WHAT IS REQUIRED: Given the records below, the lines starting at the line with "A George IV" and ending at the line with "Appointments are scheduled" should be output exactly, both end lines kept and pictures left out.

ENTRIES PROVIDED:
+++
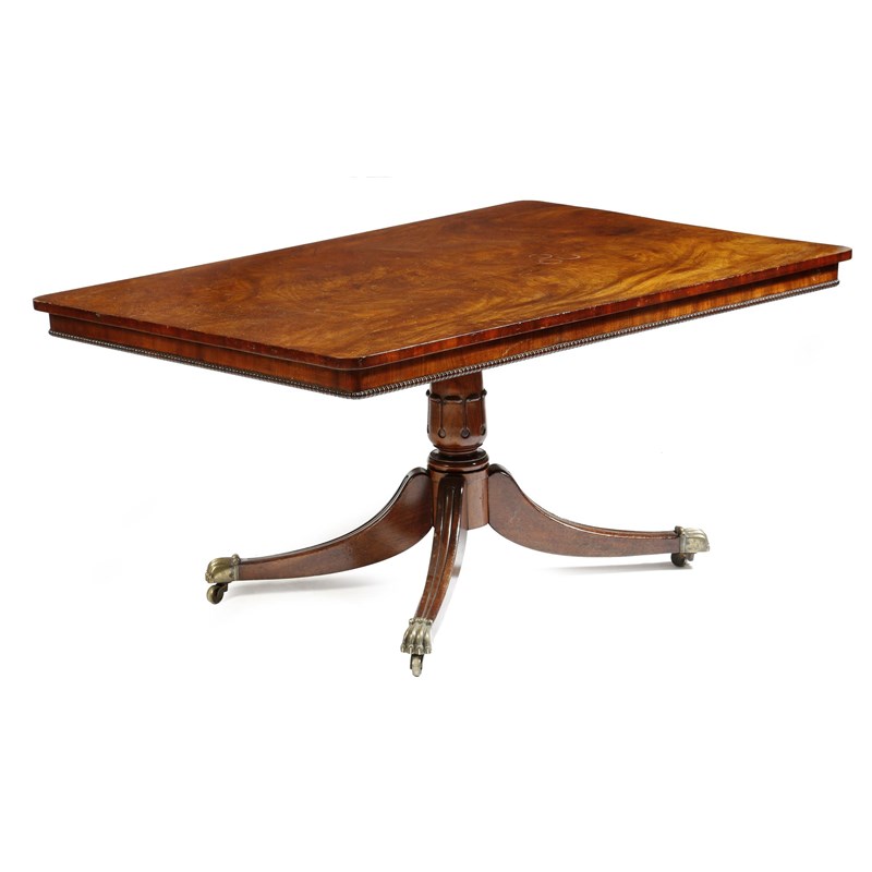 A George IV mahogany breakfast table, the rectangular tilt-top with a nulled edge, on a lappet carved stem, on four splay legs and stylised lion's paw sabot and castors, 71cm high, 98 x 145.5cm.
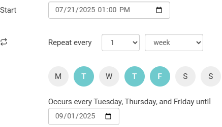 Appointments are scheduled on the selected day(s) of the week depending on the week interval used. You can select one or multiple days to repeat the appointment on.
+++
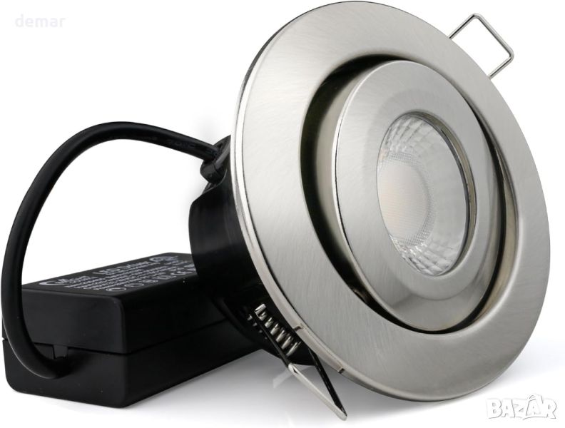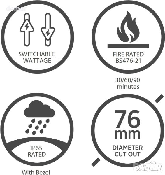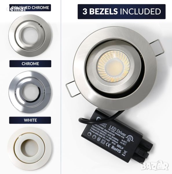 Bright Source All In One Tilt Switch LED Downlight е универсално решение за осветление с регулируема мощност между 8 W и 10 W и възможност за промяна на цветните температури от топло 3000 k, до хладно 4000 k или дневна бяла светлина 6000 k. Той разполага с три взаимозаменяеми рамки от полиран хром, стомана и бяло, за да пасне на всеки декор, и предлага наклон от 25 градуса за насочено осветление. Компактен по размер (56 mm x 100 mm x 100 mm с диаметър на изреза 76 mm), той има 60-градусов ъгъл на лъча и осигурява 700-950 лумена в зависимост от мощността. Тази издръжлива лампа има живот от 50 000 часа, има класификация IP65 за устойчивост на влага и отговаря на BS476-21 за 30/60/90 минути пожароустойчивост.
+++
ANSWER TO THE EXERCISE:
 A George IV mahogany breakfast table, the rectangular tilt-top with a nulled edge, on a lappet carved stem, on four splay legs and stylised lion's paw sabot and castors, 71cm high, 98 x 145.5cm.
 Appointments are scheduled on the selected day(s) of the week depending on the week interval used. You can select one or multiple days to repeat the appointment on.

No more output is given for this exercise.